Perhaps there’s a clue: “It can reduce the risk of some transmissions, but doesn’t take the risk to zero.” Most of the anti-masking “advice” was of that nature: proper masks, let alone home-made masks from T-shirts or coffee filters, are not a 100% protection. Bureaucracies attract and promote stupid and industrious people. “Stupid” is not really the right word, many of these people have high enough IQs, but they are “stupid” because they mistake mere activity for solving the problem. They are always terribly busy wrestling with enormous problems while the smart and lazy person, having solved the problem when it was small, has his feet on the desk. Bureaucracies like busyness and they reward it. Busybodies are often perfectionists – the smart and lazy knows that the best is the enemy of the good. Could it be that our experts heard “are masks a perfect defence?” when they should have been answering the question “can masks improve the odds?” At any event, it’s taken three months for the “experts” to understood that even if 100% is unobtainable, 75% or 50% is much better than nothing at all.

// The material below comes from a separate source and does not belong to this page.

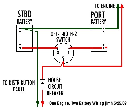 The critical thing to remember in this system is that you only have your battery switched to either battery one, or battery two at any one time. Sometimes people with this setup will mistakenly run their vessel with the battery switch in the 1+2 position (both batteries connected). When the battery switch is in this position, you effectively have only one battery. If you experience a fault with one battery, it can flatten or damage the other battery, rendering the whole purpose of a twin system useless.

Even if it’s the bottom of an old T-shirt. How many lives were lost, hospital beds filled because the “experts”, seeking 100%, achieved 0%? People start to wonder. Then there was the explanation that people were told not to mask because of the shortage of masks. Maybe so, but why not T-shirts, coffee filters and other improvisations in January? Perhaps the reason is the general death of common sense in the face of “experts”. Or perhaps the fear of being sued if someone in a home-made mask catches it anyway. But, whatever the reason, it’s not very competent.
In the COVID-19 crisis, in truth, real competence is found in places somewhat east of “the West”.
The humble surgical mask reveals that the West is no longer competent. 2020 will be the year that the West lost its mojo.